Develop with Sailor2
The code of Sailor2 has been in the latest Hugging face transformers and we advise you to install transformers==4.46.3
.
from transformers import AutoModelForCausalLM, AutoTokenizer
device = "cuda" # the device to load the model
model = AutoModelForCausalLM.from_pretrained("sail/Sailor2-20B", device_map="auto")
tokenizer = AutoTokenizer.from_pretrained("sail/Sailor2-20B")
input_message = "Model bahasa adalah model probabilistik"
# The given Indonesian input translates to 'A language model is a probabilistic model of.'
model_inputs = tokenizer([input_message], return_tensors="pt").to(device)

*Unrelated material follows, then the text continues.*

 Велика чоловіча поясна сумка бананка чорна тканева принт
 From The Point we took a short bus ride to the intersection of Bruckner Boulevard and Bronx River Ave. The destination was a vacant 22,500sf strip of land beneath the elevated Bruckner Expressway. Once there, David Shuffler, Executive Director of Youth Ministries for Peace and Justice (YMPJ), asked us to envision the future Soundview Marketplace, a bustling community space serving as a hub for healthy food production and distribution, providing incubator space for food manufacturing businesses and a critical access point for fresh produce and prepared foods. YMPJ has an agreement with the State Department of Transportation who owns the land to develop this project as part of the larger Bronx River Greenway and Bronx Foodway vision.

generated_ids = model.generate(
model_inputs.input_ids,
max_new_tokens=64
)
generated_ids = [
output_ids[len(input_ids):] for input_ids, output_ids in zip(model_inputs.input_ids, generated_ids)
]
response = tokenizer.batch_decode(generated_ids, skip_special_tokens=True)[0]
print(response)
Limited Free API Service
We also offer a limited free API service for Sailor2-20B-Chat in collaboration with Float16.cloud. You can access the API using the following details:
curl -X POST "https://api.float16.cloud/v1/chat/completions" \
-H "Content-Type: application/json" \
-H "Authorization: Bearer sailor2" \
-d '{
"model": "sailor2-20b-chat",
"messages": [
{
"role": "system",
"content": "You are an AI assistant named Sailor2, created by Sea AI Lab. As an AI assistant, you can answer questions in English, Chinese, and Southeast Asian languages such as Burmese, Cebuano, Ilocano, Indonesian, Javanese, Khmer, Lao, Malay, Sundanese, Tagalog, Thai, Vietnamese, and Waray. Your responses should be friendly, unbiased, informative, detailed, and faithful."
},
{
"role": "user",
"content": "สวัสดี"
}
]
}'
Acknowledgement
This is a huge effort from the collaboration among the community, along with researchers from Sea AI Lab, SCB10X, WiseSight, HuggingFace, and the whole Sailor2 community.

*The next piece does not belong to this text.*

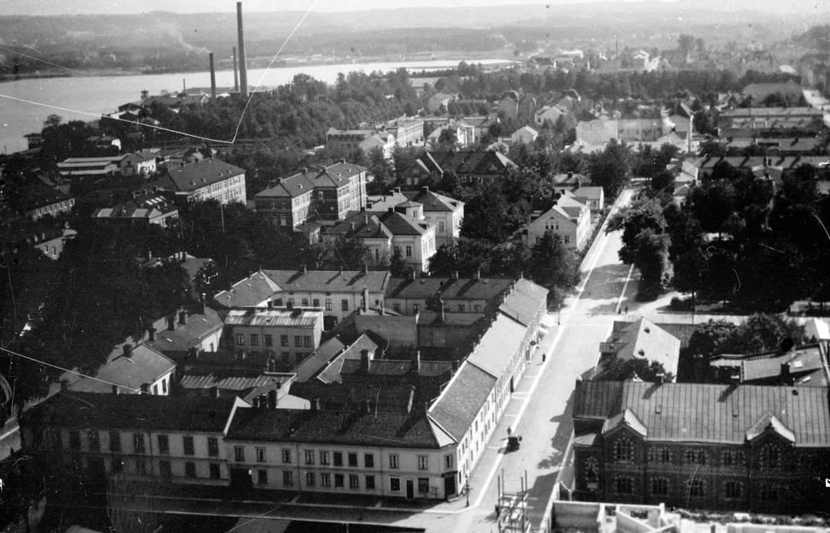 Utsikt över västra stadsdelen i Jönköping med Munksjön till vänster. I mitten går Fabriksgatan och till höger ligger gamla Immanuelskyrkan.

Limitations and Next Steps
Currently, Sailor2 supports a context length of up to 4K tokens. Extending support for longer context lengths, particularly for multilingual use cases, remains a challenge. We are actively working on improvements and plan to support longer contexts in the near future.
Additionally, due to the complexity of handling multiple languages simultaneously, Sailor2 may switch languages during responses, especially for smaller ones. We will investigate the problems further.